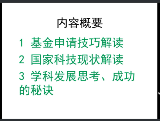 陈令新教授从基金申请的技巧解读、国家科技现状解读以及学科发展思考、成功秘诀等几个角度出发,以面上项目为例,详细介绍了如何写好基金申请书,对申请书中的各个细节都做了解读,并给出了相应的书写建议,为中青年教师申报国家自然基金做了充分的理论指导。
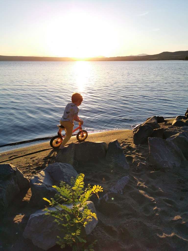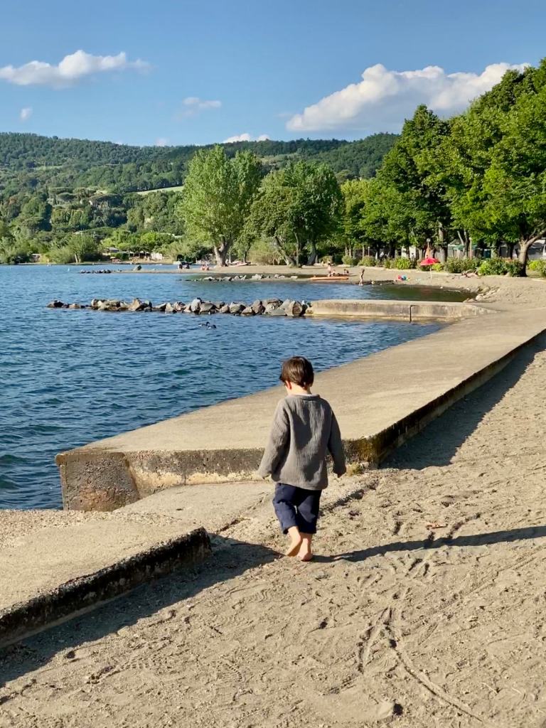 Der See ist herrlich flach, hat einen Sandstrand und das Wasser ist für Johannes schon recht angenehm zum planschen und pritscheln. Man kann am See entlang zu Fuß in den Ort vorwageln, echt super.
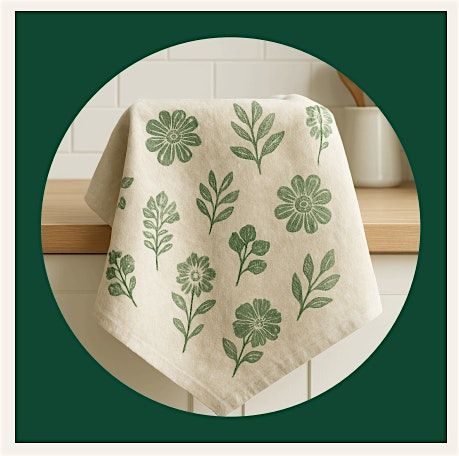 In this hands-on workshop, you’ll design and carve your own rubber stamp, then use fabric inks to print a one-of-a-kind tea towel. This cozy, creative session is perfect for beginners and experienced makers alike. Come slow down, explore texture and pattern, and leave with a functional piece of art made by you. You'll be able to use your stamps to make more personalized tea towels for yourself or as gifts.
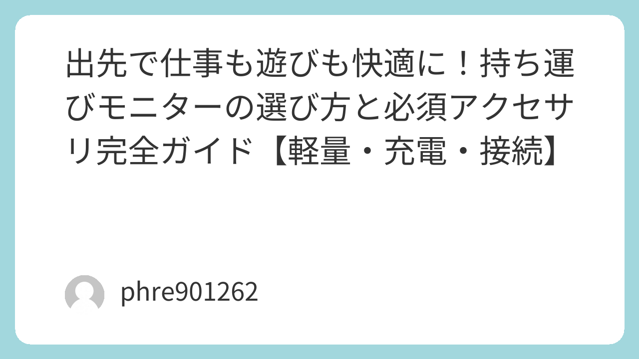 出先で仕事も遊びも快適に!持ち運びモニターの選び方と必須アクセサリ完全ガイド【軽量・充電・接続】
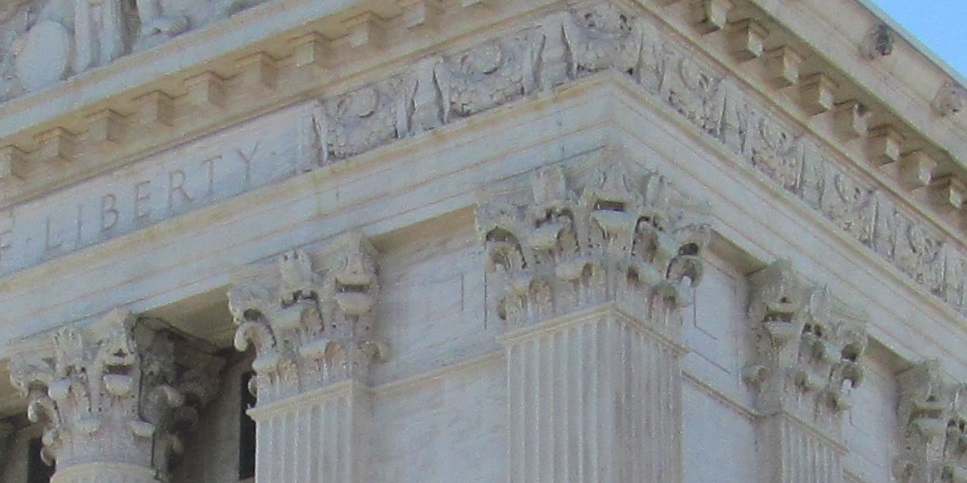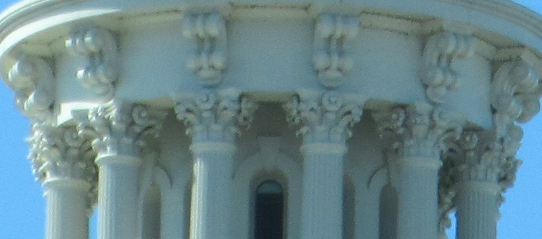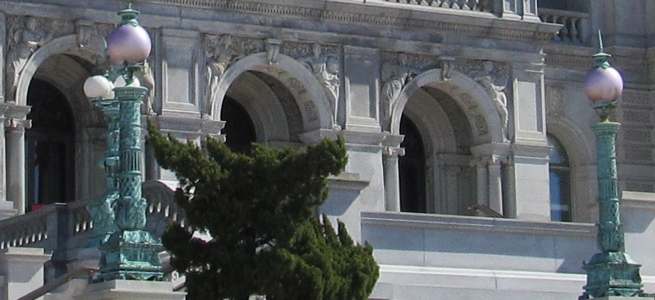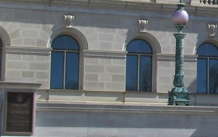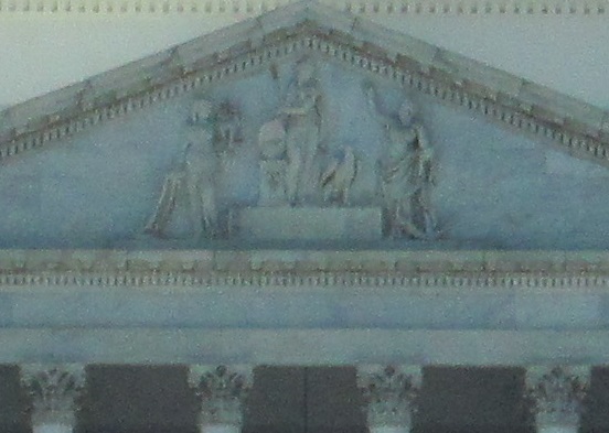 Heading east, the Supreme Court building is a block east of the Mall between 1st and 2nd Streets East. This is the lesser-viewed eastern face, whose upper frieze (or "architrave," today we both learn) was sculpted by Hermon MacNeil and features Moses, Confucius, and Solon at center.
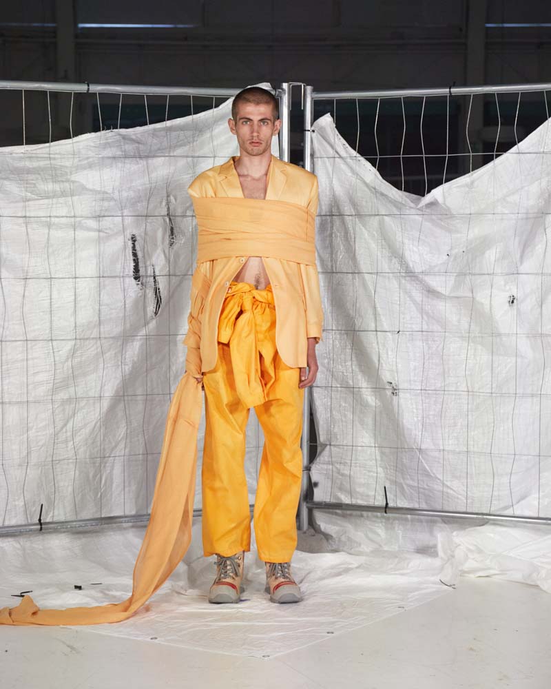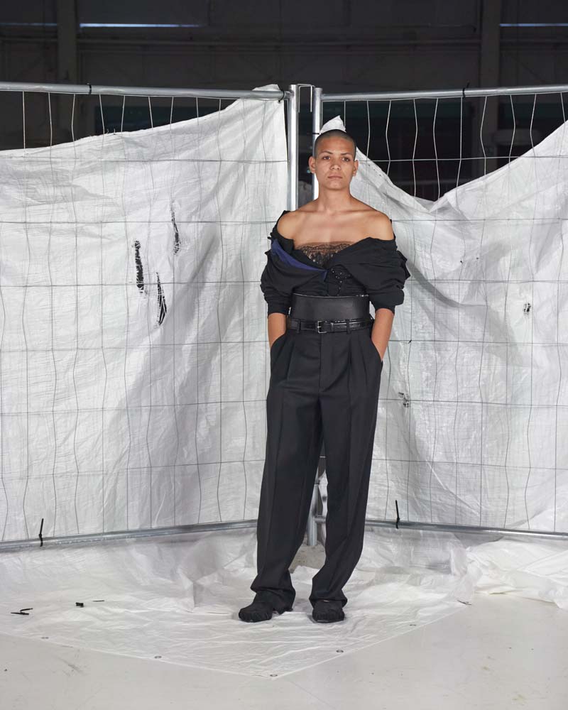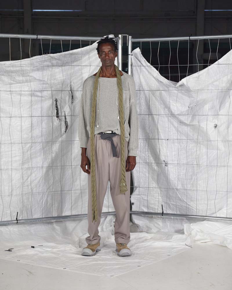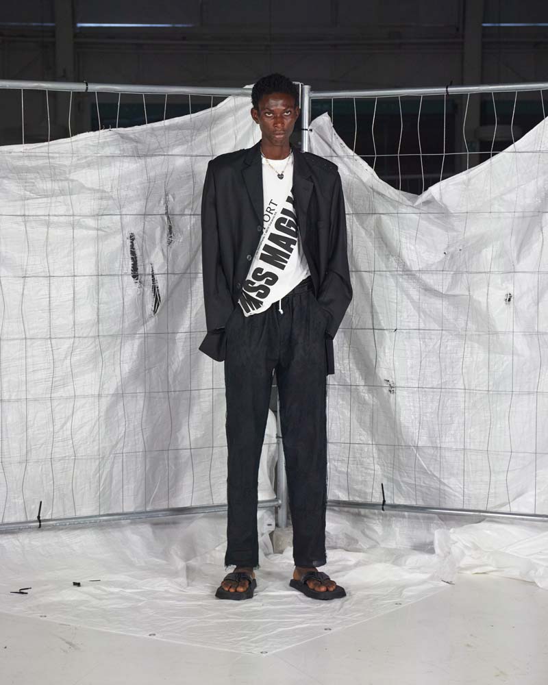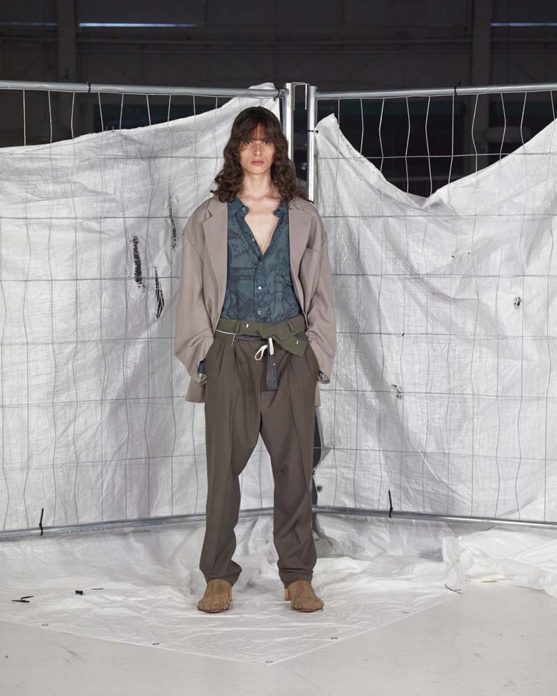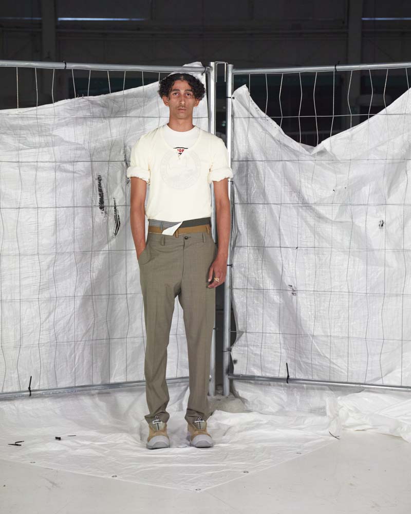 Otro de los puntos fuertes es la sastrería; vista en esta colección como un elemento subversivo que presenta americanas de proporciones experimentales y hombros caídos. La deconstrucción también se hace notar en esta oferta, donde pedazos de la misma tela sirven como elementos de constricción para el cuerpo; por supuesto, los pantalones de pinzas se imaginan a juego con sus complementos superiores, de corte baggy amontonándose sobre el calzado (que bebe inspiración de tendencias dosmileras de calzado).

Try it: Write out the records in full and exactly, omitting the pictures they hold.

Exercise answer:
 陈令新教授从基金申请的技巧解读、国家科技现状解读以及学科发展思考、成功秘诀等几个角度出发,以面上项目为例,详细介绍了如何写好基金申请书,对申请书中的各个细节都做了解读,并给出了相应的书写建议,为中青年教师申报国家自然基金做了充分的理论指导。
 Der See ist herrlich flach, hat einen Sandstrand und das Wasser ist für Johannes schon recht angenehm zum planschen und pritscheln. Man kann am See entlang zu Fuß in den Ort vorwageln, echt super.
 In this hands-on workshop, you’ll design and carve your own rubber stamp, then use fabric inks to print a one-of-a-kind tea towel. This cozy, creative session is perfect for beginners and experienced makers alike. Come slow down, explore texture and pattern, and leave with a functional piece of art made by you. You'll be able to use your stamps to make more personalized tea towels for yourself or as gifts.
 出先で仕事も遊びも快適に!持ち運びモニターの選び方と必須アクセサリ完全ガイド【軽量・充電・接続】
 Heading east, the Supreme Court building is a block east of the Mall between 1st and 2nd Streets East. This is the lesser-viewed eastern face, whose upper frieze (or "architrave," today we both learn) was sculpted by Hermon MacNeil and features Moses, Confucius, and Solon at center.
 Otro de los puntos fuertes es la sastrería; vista en esta colección como un elemento subversivo que presenta americanas de proporciones experimentales y hombros caídos. La deconstrucción también se hace notar en esta oferta, donde pedazos de la misma tela sirven como elementos de constricción para el cuerpo; por supuesto, los pantalones de pinzas se imaginan a juego con sus complementos superiores, de corte baggy amontonándose sobre el calzado (que bebe inspiración de tendencias dosmileras de calzado).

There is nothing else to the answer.